Agency owners want to believe even ineffective coaches make a difference. I have seen owners swear these coaches make a difference when the results indisputably prove otherwise. For example, having no quality producers after using a “sales coach” for 10 years is as clear of proof as possible.
Every force of nature and finance possesses multiple variables. No single factor ever makes all the difference. The human mind, or at least the minds of many agency owners, yearns mightily for the simple solution, the one silver bullet. But a silver bullet still requires a firearm of correct caliber fired by a person with adequate talent to be effective (three variables).
Some of the most successful sales consultants sell silver bullets by the brick. They take advantage of the agency owners’ emotions, the yearning desire for simplicity.
Good sales coaches do exist. Sometimes finding just the right one for your agency is a real challenge. Sometimes, too, the failure is not entirely the coach’s. The greatest tennis coach could easily have improved my game 20 percent, maybe 25 percent, but 50 percent? Never. Coaches’ achievements are limited by their student’s ability and work ethic.

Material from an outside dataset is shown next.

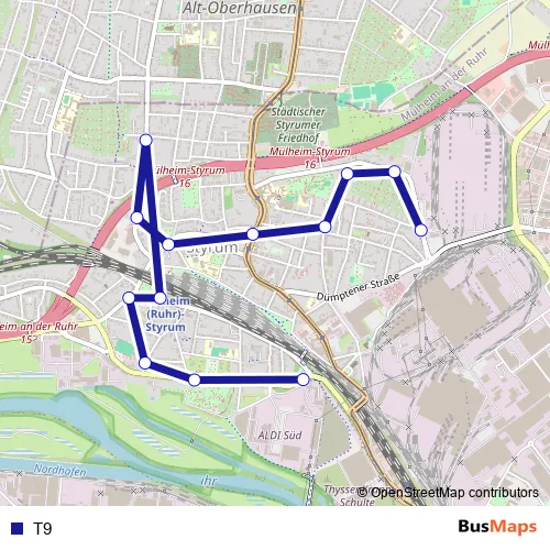 See why over 2 million users trust and consider busmaps.com as the best public transport website. busmaps gives you Oberhausen Buses suggested routes, real-time bus tracker, line route maps in Oberhausen, and helps to find the closest T9 bus stops near you. No internet available? Download an offline PDF map and bus schedule for the T9 bus to take on your trip.

To be fair to insurance sales coaches, a material percentage of producers they are supposed to coach have far too little talent. Some have no sales talent.
Coaches are also limited if the agency lacks a sales culture.
Hard work then is clearly a component of success, but hard work without skill will not generate success.
Hard work applied by someone without any talent for a profession or a sport is only enjoyed by a masochist, of which this industry must possess a disproportionate share.
Hard work simply is not even applicable to sales people that will not listen to a coach.
Package hard working producers with some talent and a quality coach, and you will succeed if the agency has at least a modicum of a sales culture. These three variables are like a three-legged stool. Three-legged stools cannot wobble. They are steady as a rock.
Effort can easily be identified in resumes and interviews. Talent potential can mostly be identified with the best sales profile tests. Good coaches can be identified empirically. Records speak for themselves.
The only exception is to make sure the growth the coach claims is pure alpha growth. Alpha growth is pure organic growth. For example, 5 percent growth when rates are rising 5 percent is not attributable to a coach’s efforts. Growth honestly attributable to mergers is not attributable to a coach’s efforts either.
Instead, ask for proof the coach improved the sales of groups of mediocre producers one by one. That is the real test.